The Big Mac
You don’t think about where it came from. You’re drunk or hungry or both, it’s late, you’re at McDonald’s because nowhere else is open and you need something in your mouth. The Big Mac tastes like every Big Mac ever—the bun somehow soft and stale at once, the meat thin and salty, the lettuce doing basically nothing, the sauce too sweet. It’s not really food. It’s the shape hunger takes when there are no better options. You eat it without considering who invented it, without considering much of anything.
Michael Jim
Delligatti invented it. A McDonald’s franchise owner in Pennsylvania, sometime in the ’60s, and he decided the menu needed an upgrade. Two all-beef patties, special sauce, lettuce, cheese, pickles, onions on a sesame seed bun—the jingle came later, everyone learned it, and now it’s sold in roughly ninety countries, billions and billions of them, but Jim never made real money. He got a plaque. That’s the punchline nobody tells—the guy who created one of the most consumed items on Earth got a plaque and not much else.

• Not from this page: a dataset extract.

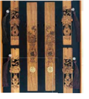 Crafted from sour branch wood using intricate hollow-out and inlay techniques, 4 intricate "Fu, Lu, Shou, Xi" (Blessings, Prosperity, Longevity, Happiness) bookmarks are crafted with hollow-out techniques. A pair of "Fu Lu" (Blessings, Prosperity) showcases the artistry of copper inlay. The ends of the ornaments are engraved with the iconic "Liu Zi Zheng Tou" (Six Children Vying for the Foremost) design, a signature work of the renowned Wuqiang New Year's painting tradition. "Hua Kai Fu Gui" (Flowers Blossoming in Abundance and Prosperity) is a masterpiece of Wuqiang New Year's painting. The vase displays an abundance of peonies, chrysanthemums, and other auspicious blooms, symbolizing wealth, longevity, and marital harmony. Complementing the floral arrangement are symbolic fruits such as peaches, Buddha's hand citron, pomegranates, and lotus roots, conveying wishes for multifaceted prosperity and progeny. The central inscription of "Fu Lu Shou Xi" (Blessings, Prosperity, Longevity, Happiness) eloquently encapsulates the overarching theme of this exquisite collection.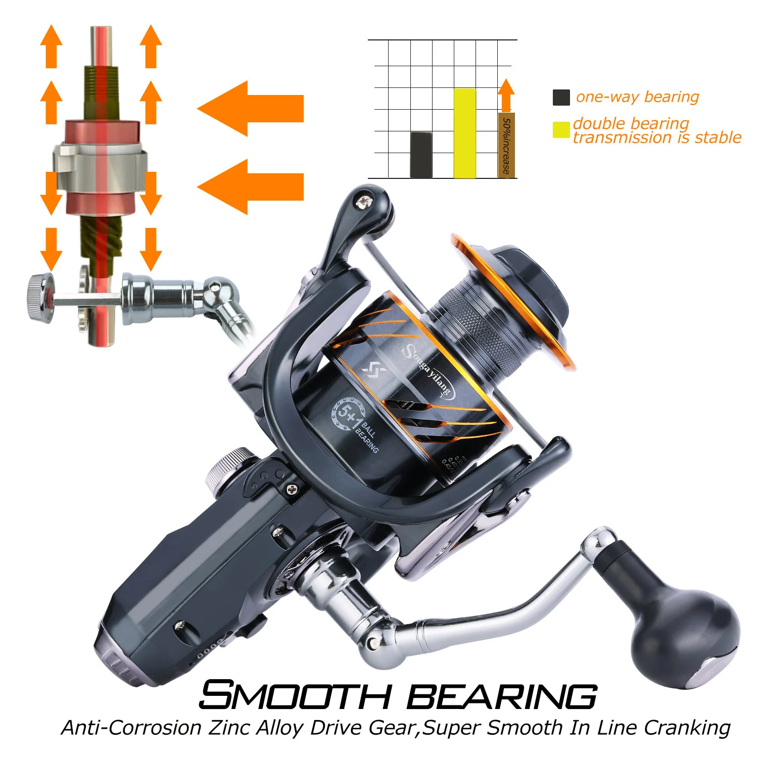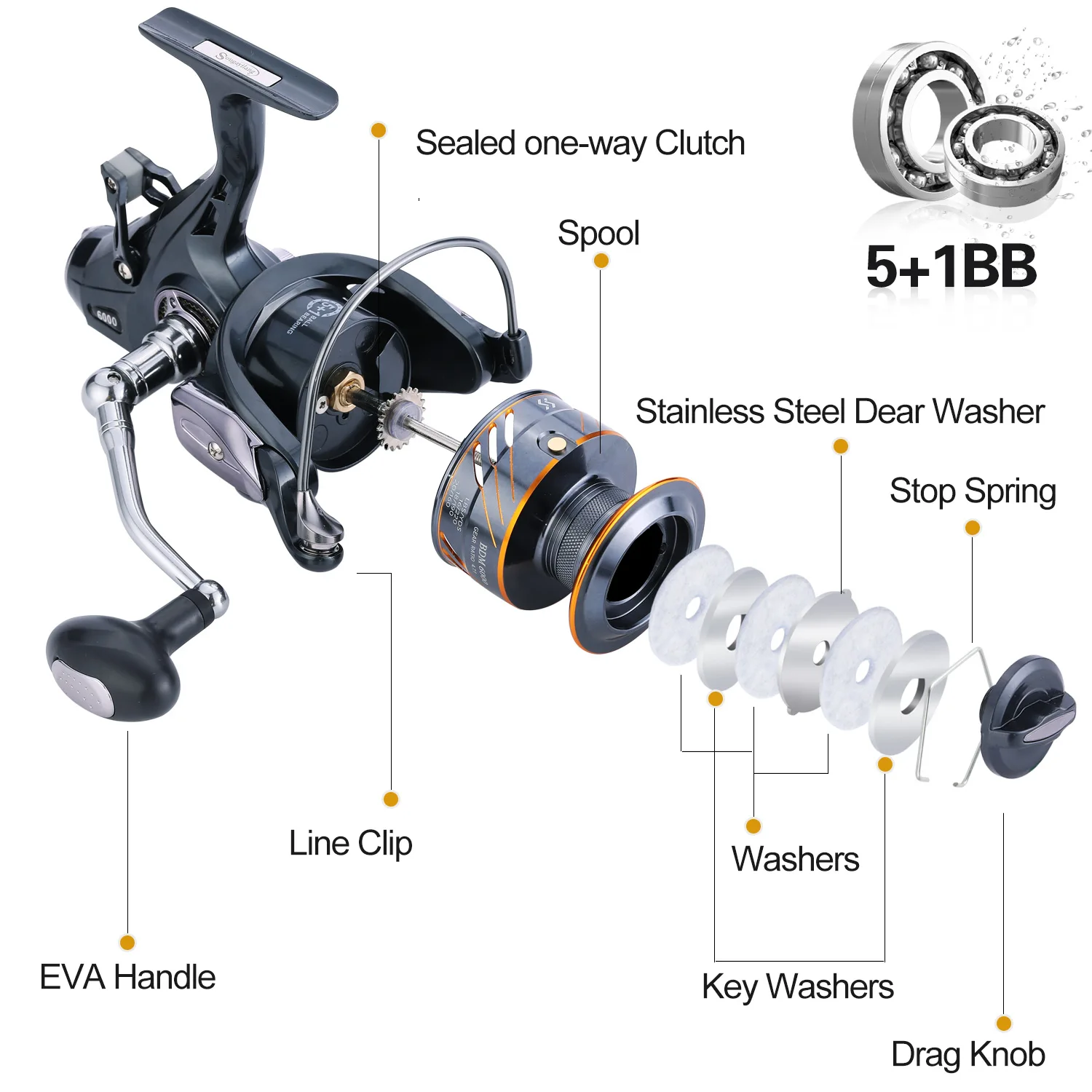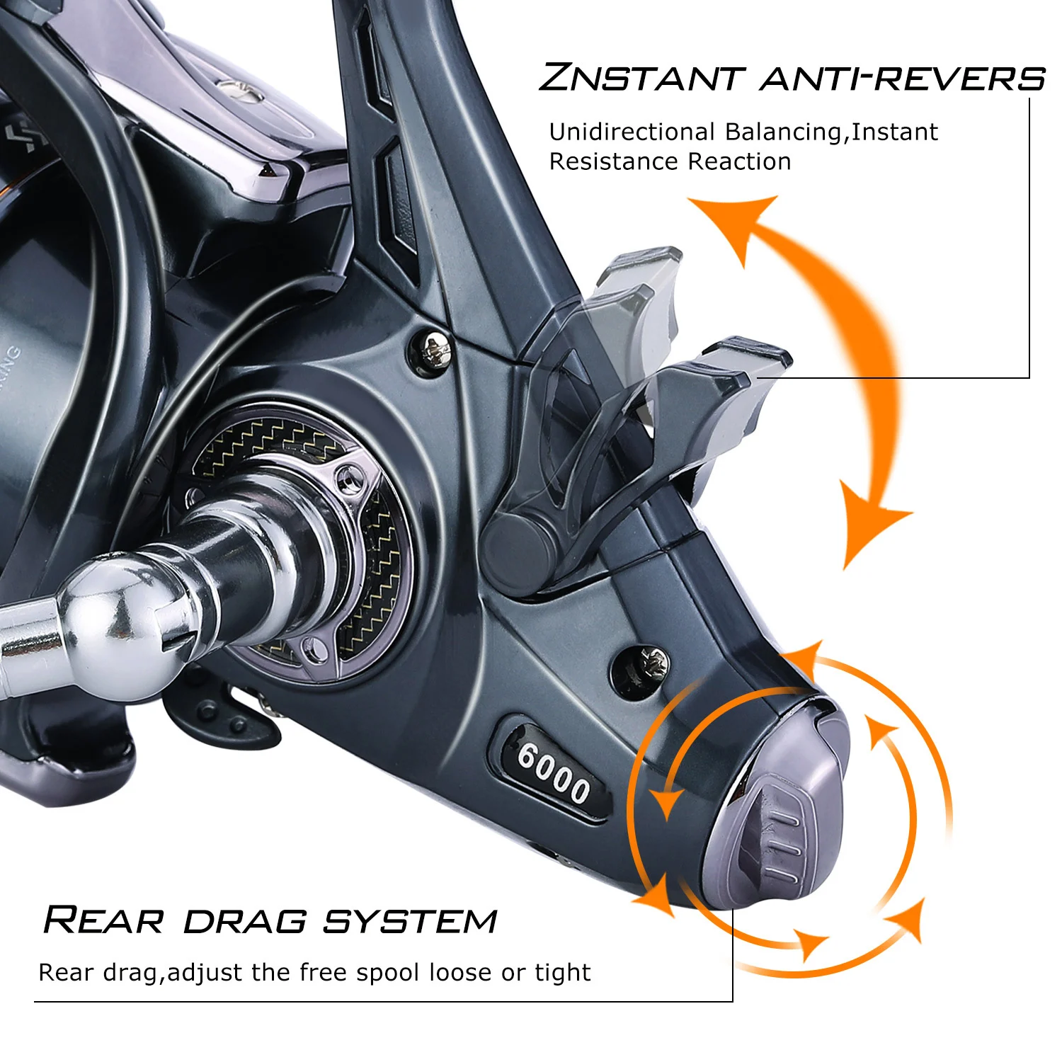 Carrete de pesca Sougayilang 5 + 1BB serie 4000/6000 con carrete libre carrete giratorio 10KG fibra de carbono Drag Power aparejos de pesca de carpa

It’s become so universal that everyone has a Big Mac memory. Even people who avoid McDonald’s on principle, who’ve spent their lives opting out, will remember a time—usually young, usually late, usually with people they liked—when they ate one anyway. The Big Mac is boring enough and common enough that it registers as almost transparent. You don’t think of it as a created thing, an invention. It just exists, like streets or air.
But Jim created it. And then he died, recently, at 98. There’s an arithmetic to that. You invent something that becomes massive and faceless and profitable for everyone but you, and your name evaporates. The Big Mac is bigger than Jim now. The Big Mac will outlast everyone alive to read this. Billions of people have eaten what he made without knowing his name, without thinking about him for a second. That’s what stuck with me when I heard he was gone. Not sadness, exactly. Just the shape of it. He lived a whole life, built this thing that still feeds people, and mostly nobody knows. I wonder if he was okay with that by the end.